I have a friend who loves his Kel-Tec, but I think that's a "carry a lot, shoot a little" kind of gun.


----------



## Waffen (Feb 8, 2006)

I have the PPK/S and Beretta 85FS Cheetah. Both fine pistols with no failures. 


W


----------



## bompa (Oct 26, 2006)

Something that is no longer made but can be found is the Colt 380 family..
Gov mod. is the largest,the Mustang is a smaller version..Both of these are single action just like their big brother the 1911.. The Pony is the same size as the mustang but is double action only..These came in blue,stainless and a pocketlite..
Neat guns and worth looking for..


----------



## john doe. (Aug 26, 2006)

Why do you want a .380?


----------



## john doe. (Aug 26, 2006)

Ya, I'm a smart A&&. I have been looking into that too and am going to stay away from Kel-Tec for now. I've just read to much bad about them lately. I've heard (never shot one) that the Bersa's are a great gun. Try to shoot many so you can confuse yourself even further. Seems the more I research, the more my brain gets confused. But I am getting old so maybe that's the problem. But I am getting old so maybe that's the problem. Oh sorry, did I say that allready. I am getting old so maybe that's the problem.


----------



## Snowman (Jan 2, 2007)

As I understand it, the Bersa is the best gun for the money. I have a PPK/S, and like it very much. I've had no failures of any kind thus far, and it is more accurate than you might expect. Classic design too. Don't get the Sig...what an ugly gun.
:smt1099


----------



## Spenser (Nov 6, 2006)

Hey now. They aren't just hideous or anything...


----------



## bakerjw (Mar 11, 2007)

Had to chime in. I picked up a Russion Mak in 380. It came with adj sights and is the most accurate handgun that I have (out of 6). If I had to rely on a single shot to save my life I'd definitely take the Mak. The recoil is much more manageable than my Ruger 9mm which allows me to reacquire the target faster. I was in a bicycling accident a couple of years ago and light recoil is preferred at the range. I use my .22 for most practice.

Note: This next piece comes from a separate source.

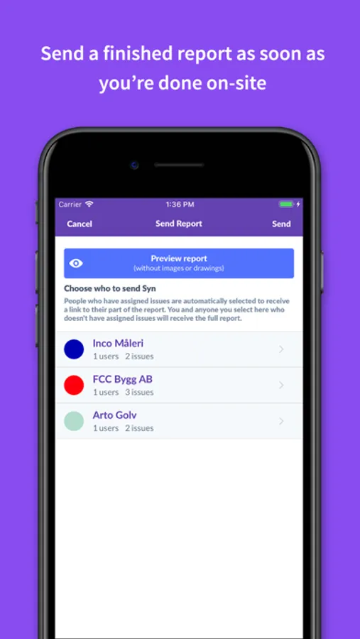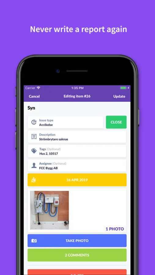 iControl isn't just a checklist app, it also comes with a fully fledged issue tracking system. As soon as you create an issue, that issue gets put into a report and sent to the responsible subcontractor.

My wifes step dad always gives me grief about the 380 not having stopping power of a 45, and I always point out that I'd take one hit with a .22 rather than 10 misses with a 45.


----------



## TxPhantom (May 6, 2006)

*You'll get over it......*

We have a PPK/S and a Bersa Thunder 380. Both are good guns but the Bersa cost about half as much. We don't shoot either very much. Cost of ammo is rediculous, just as much (or more) recoil as a 9mm and not near as much fun as the 9mm and larger calibers. 
Our 380's mostly sit in a desk drawer as a back up, home defense weapons. I doubt if I'll ever buy another 380. You'll probably get over the 380 urge pretty quick and be the proud owner of a safe queen.


----------



## Baldy (Jun 21, 2006)

Here's a real good one but you will have to fine it at a gun show or private owner. Why they quit making them I don't know as everybody and their brother wanted one and they are a little salty priced wise now.
Colt Government model .380/1989.


----------



## GypsyBill (Mar 16, 2007)

Got my wife a Bersa Thunder 380 about 3 weeks ago... we have shot about 160rnds thru it now without a hitch... my first 7 rnds thru resulted in 5 in the 10 ring and two in the 9 ring at 7 yards.. great gun for any price... ammo is high compared to our 9 (about the same as the 40s&w) extra mags are expensive and hard to come by... but she loves it so it is a keeper..


----------



## Nastynewt (Jan 22, 2007)

I picked up a Beretta Model 70S in 1975 it's been one great 380.


----------



## Maximo (May 26, 2006)

I carry a Beretta 84 almost everyday and really like it. Not a cheap gun, about $625 in my area, but very reliable , very accurate, light and 13+1.


----------



## Bastet (Dec 31, 2006)

fattsgalore said:


> If i had the money I'g get a Beretta Cheetah in stainless....


I believe they're only available in nickel but they sure are purdy.


----------